As school districts plan what back-to-school time will look like during the COVID-19 pandemic, the start of the school year is bringing on many mixed emotions for students, especially for transgender and gender diverse youth.
For some, school can be a stable and supportive environment, but for others, it can be anxiety-provoking and discouraging. Extracurricular activities and in-person classes may be limited, making it hard for youth to find time to be with their friends and support systems outside of the home. This can have a huge impact on their well-being.
How does COVID-19 affect LGBTQ+ youth, particularly transgender and gender-diverse touth differently?
The social isolation that results from being at home and lack of connection to friends and other important figures is stressful, particularly if their families are not supportive of their identities. About 50-60 percent of LGBTQ+ youth don’t feel supported by families in their identities, and they may hear negative comments about their identities in their homes.

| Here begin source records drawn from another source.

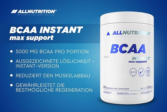 مکمل BCAA MAX SUPPORT آل نوتریشن ، ترکیبی از آمینو اسیدهای شاخهدار (BCAA) با نسبت ۲:۱:۱ (ال-لوسین: ال-والین: ال-ایزولوسین) است که برای پشتیبانی از بدن در حین و بعد از ورزش طراحی شده است. BCAA MAX SUPPORT با ال-گلوتامین و تائورین برای حداکثر پشتیبانی از تمرین، تقویت شده است.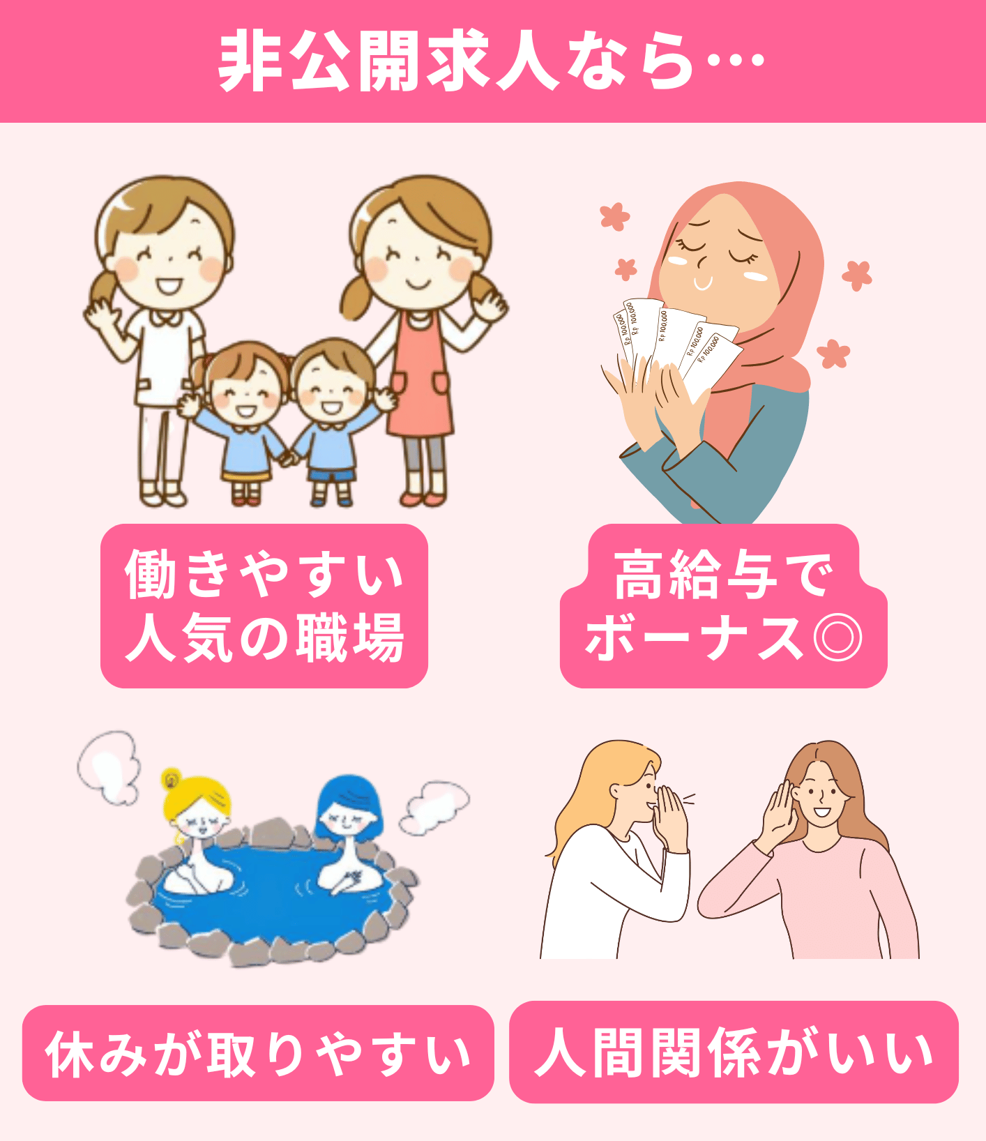 また、給与・待遇の良い保育園や幼稚園以外でも「オープニングや完全土日休みの園・人気のこども園、企業・院内保育、家賃補助がある職場」なども応募が殺到するので非公開で求人されています。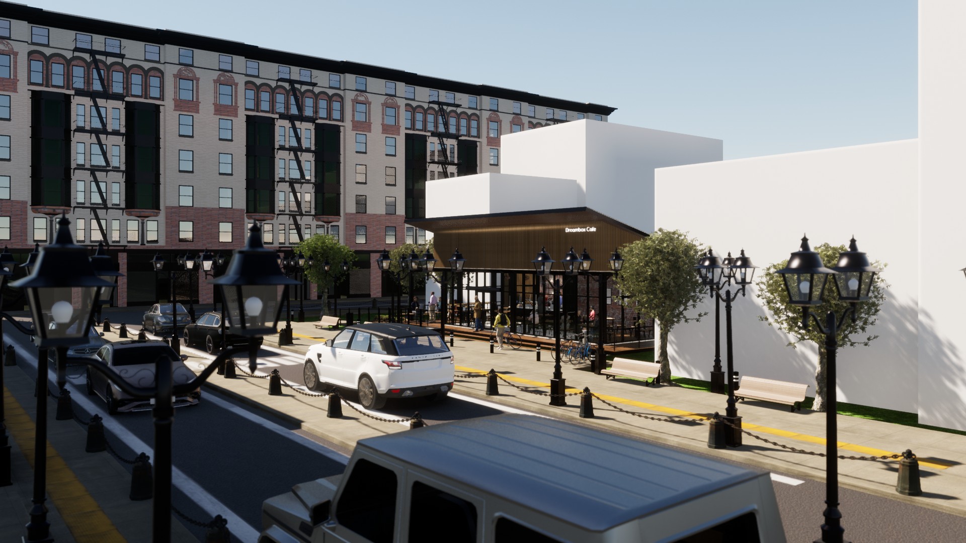 Azerbaycan'da bulununan CoffeBox projemiz için modern çizgiler kullandık.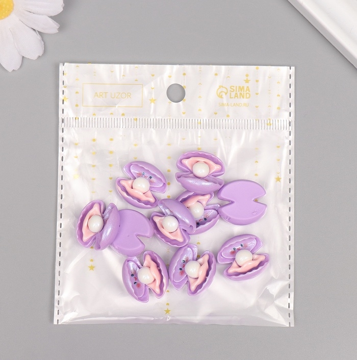Декор для творчества пластик "Ракушка с жемчужинкой" блёстки набор 10 шт 2х1,8х0,9 см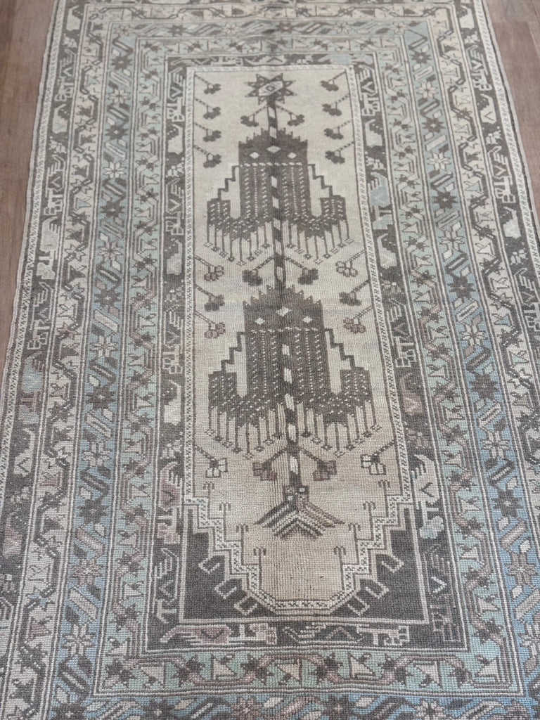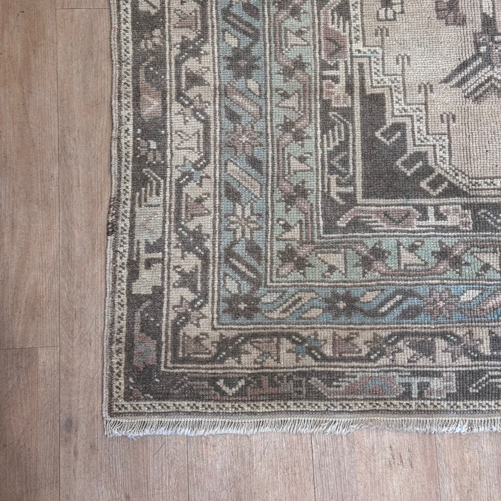 Indulge in the sophistication of our Easton Rug. Handcrafted in Turkey, this elegant vintage rug features a subtle blend of taupe, cream, and mint/blue adding a touch of warmth to any space.

LGBTQ+ youth who are highly rejected by their families are 8 times more likely to have attempted suicide, whereas the risk is significantly decreased when parents and families are supportive.
It is extremely important for youth to have supportive adults at home and school. Make sure to tell the young people in your life that they are amazing and that you support them. Support from their peers, families and community can make a world of difference for LGBTQ+ kids.
Transgender youth are nearly four times as likely to experience depression than their non-gender peers according to one study (Reisner 2015). Social isolation can make it even more difficult. If you think your child is experiencing anxiety or depression related to back-to-school time or COVID-19, our behavioral health professionals are ready to help.
Children’s Minnesota is a resource for your family during times of transition. Our Gender Health program is an exclusively pediatric, multidisciplinary program providing compassionate and comprehensive care for transgender and gender-diverse youth. Our board-certified pediatricians, pediatric gynecologists and pediatric endocrinologists are dedicated to serving as essential medical partners for kids and families along their journey. Call us at 612-813-7950 to make an appointment.
Tips to help transgender and gender diverse youth go back to school
The following tips can help parents, school staff, school administrators and allies support LGBTQ+ students at their schools as they return to a new school year—whether that’s in-person or distance-learning.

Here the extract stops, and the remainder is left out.